P16 Methylation as an Early Predictor for Cancer Development From Oral Epithelial Dysplasia: A Double-blind Multicentre Prospective Study.

BACKGROUND: Silencing of P16 through methylation and locus deletion is the most frequent early events in carcinogenesis. The aim of this study is to prospectively determine if early P16 methylation is a predictor for oral cancer development.
METHODS: Patients (n = 181) with mild or moderate oral epithelial dysplasia (OED) were recruited into the double blind multicentre cohort. P16 methylation was analyzed using the MethyLight assay. Progression of OEDs was monitored for a minimum 3 year follow-up period.
FINDINGS: P16 methylation-informative cases (n = 152) were enrolled in the prospective multicenter cohorts with an ultimate compliance of 96.7%. OED-derived squamous cell carcinomas were observed in 21 patients (14.3%) during the follow-up (median, 41.0 months). The cancer progression rate from the P16 methylation-positive patients was significantly increased when compared to P16 methylation-negative patients [27.1% vs 8.1%; adjusted odds ratio = 4.6; P = 0.006]. When the P16 methylation-positive criteria were used as a biomarker for early prediction of cancer development from OEDs, sensitivity and specificity of 62% and 76% were obtained, respectively.
INTERPRETATION: P16 methylation is unequivocally a marker for determining the malignant potential of OED and there is no need for further research regarding this aspect. FUNDING: National Basic Research Programs of China (2011CB504201 and 2015CB553902), Beijing Science and Technology Commission (Z090507017709016), and Beijing Municipal Administration of Hospital (XM201303) to Dajun Deng. The funding agencies have no role in the actual experimental design, patient recruitment, data collection, analysis, interpretation, or writing of this manuscript.

Introduction

P16 (CDKN2A) is the most frequently deleted locus in cancer genomes and has been studied extensively (Beroukhim et al., 2010, Liu et al., 1995, Hussussian et al., 1994, Kannengiesser et al., 2009). While genetic alterations in P16 do occur, gene methylation is far more prevalent in human cancers such as oral squamous cell carcinoma (OSCC) (Merlo et al., 1995, Serrano et al., 2000, Herman et al., 1995, Gonzalez-Zulueta et al., 1995, Kresty et al., 2002). Studies have also shown that increased P16 methylation correlates with decreased levels of expression and has been linked to the development and prognosis in many cancers (Sun et al., 2004, Belinsky et al., 2006, Luo et al., 2006, Hall et al., 2008, Cao et al., 2009). P16 methylation may also play important roles in carcinogenesis (Yu et al., 2014).

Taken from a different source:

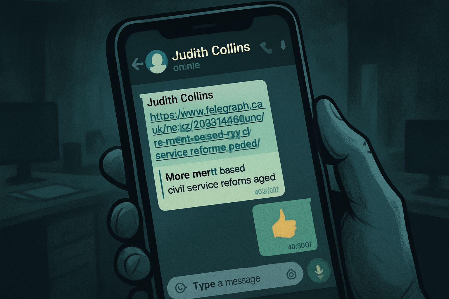 The leaked WhatsApp messages between Judith Collins and Public Service Commissioner Sir Brian Roche—obtained under the OIA and reported by NZ Herald—reveal the ideological pipeline behind the legislation. Collins sent Roche British Telegraph articles about "underperforming civil servants to be pushed out" under Keir Starmer's UK reforms. Roche replied: "This all makes a lot of sense and isn't too different from the situation we face".

Oral leukoplakia is the most common precancerous condition (Kramer et al., 1978). Studies have shown that 17–25% of oral leukoplakia lesions contain oral epithelial dysplasia (OED), and about 8% will progress to OSCC (Bouquot and Gorlin, 1986, Bouquot and Whitaker, 1994). The P16 inactivation rate in end-stage head and neck carcinomas has been reported to be as high as 70–85% (Cairns et al., 1995, Reed et al., 1996, Riese et al., 1999, Danahey et al., 1999). One study found that the P16 methylation rate (58%) was much higher than the P16 mutation rate (15%) in 28 severe OED lesions (Kresty et al., 2002). P16 methylation is also frequently detected in mild/moderate OED lesions (25–40%) and may be associated with an increased risk of progression (Hall et al., 2008, Cao et al., 2009). However, the feasibility of using P16 methylation to predict malignant progression of OED has not yet been validated in a multicenter study. Therefore, such a study among Chinese patients with OED was carried out using P16 methylation as a clinical classifier. This study provides evidence strongly supporting that P16 methylation could be used as a biomarker for predicting the malignant transformation of OED early in the course of the disease.

Methods

Study Design

181 patients with mild or moderate OED were selected from cases of oral leukoplakia, lichen planus, or chronic discoid erythematosus at Peking University School of Stomatology (Central-A, n = 82), Capital Medical University School of Stomatology (Central-B, n = 68), and Fourth Military Medical University Hospital of Stomatology (Central-C, n = 31) between 2009 and 2011. The biopsy specimens were fixed in neutral buffered formalin, embedded in paraffin, and stained with H&E. The baseline OED lesions were classified as mild, moderate, or severe by at least two senior pathologists using the same criteria from the 2005 WHO Classification System (Gale et al., 2005). The sample size was calculated according to results of our previous single center study (Cao et al., 2009).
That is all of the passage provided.